What is needed is an exact copy of the listing, with no pictures in it.

### Given information ###

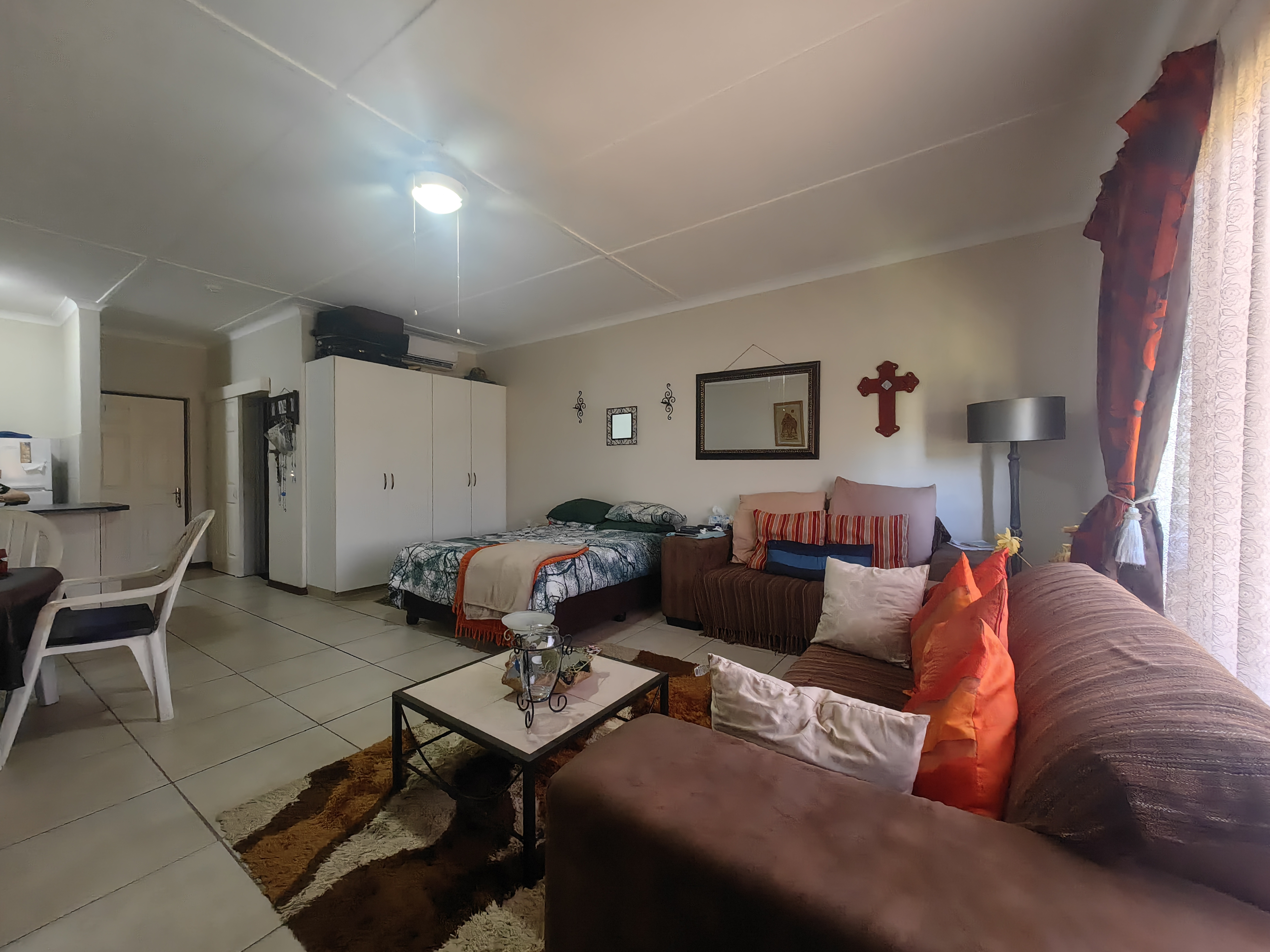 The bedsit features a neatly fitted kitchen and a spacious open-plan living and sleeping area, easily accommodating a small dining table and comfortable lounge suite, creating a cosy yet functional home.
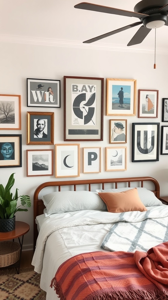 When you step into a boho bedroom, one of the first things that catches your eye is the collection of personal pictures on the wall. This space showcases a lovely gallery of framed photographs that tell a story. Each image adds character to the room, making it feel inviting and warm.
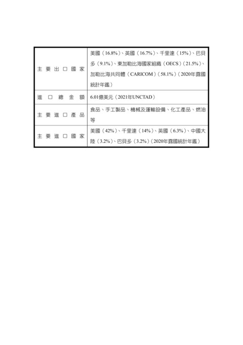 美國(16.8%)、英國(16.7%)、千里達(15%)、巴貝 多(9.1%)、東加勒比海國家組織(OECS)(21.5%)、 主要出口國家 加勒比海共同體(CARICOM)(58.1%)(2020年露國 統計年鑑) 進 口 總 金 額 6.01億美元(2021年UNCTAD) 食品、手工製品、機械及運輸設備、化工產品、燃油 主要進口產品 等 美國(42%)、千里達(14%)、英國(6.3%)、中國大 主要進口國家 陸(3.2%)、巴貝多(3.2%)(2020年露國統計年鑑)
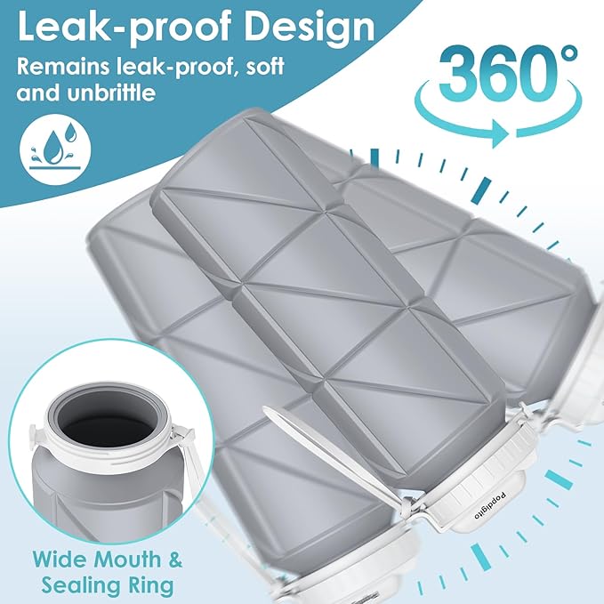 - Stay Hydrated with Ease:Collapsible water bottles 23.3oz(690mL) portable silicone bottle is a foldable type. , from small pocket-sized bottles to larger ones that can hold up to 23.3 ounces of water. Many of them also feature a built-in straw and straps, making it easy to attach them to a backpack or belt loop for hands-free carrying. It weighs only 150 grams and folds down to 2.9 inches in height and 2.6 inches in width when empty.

###

[Result below]
 The bedsit features a neatly fitted kitchen and a spacious open-plan living and sleeping area, easily accommodating a small dining table and comfortable lounge suite, creating a cosy yet functional home.
 When you step into a boho bedroom, one of the first things that catches your eye is the collection of personal pictures on the wall. This space showcases a lovely gallery of framed photographs that tell a story. Each image adds character to the room, making it feel inviting and warm.
 美國(16.8%)、英國(16.7%)、千里達(15%)、巴貝 多(9.1%)、東加勒比海國家組織(OECS)(21.5%)、 主要出口國家 加勒比海共同體(CARICOM)(58.1%)(2020年露國 統計年鑑) 進 口 總 金 額 6.01億美元(2021年UNCTAD) 食品、手工製品、機械及運輸設備、化工產品、燃油 主要進口產品 等 美國(42%)、千里達(14%)、英國(6.3%)、中國大 主要進口國家 陸(3.2%)、巴貝多(3.2%)(2020年露國統計年鑑)
 - Stay Hydrated with Ease:Collapsible water bottles 23.3oz(690mL) portable silicone bottle is a foldable type. , from small pocket-sized bottles to larger ones that can hold up to 23.3 ounces of water. Many of them also feature a built-in straw and straps, making it easy to attach them to a backpack or belt loop for hands-free carrying. It weighs only 150 grams and folds down to 2.9 inches in height and 2.6 inches in width when empty.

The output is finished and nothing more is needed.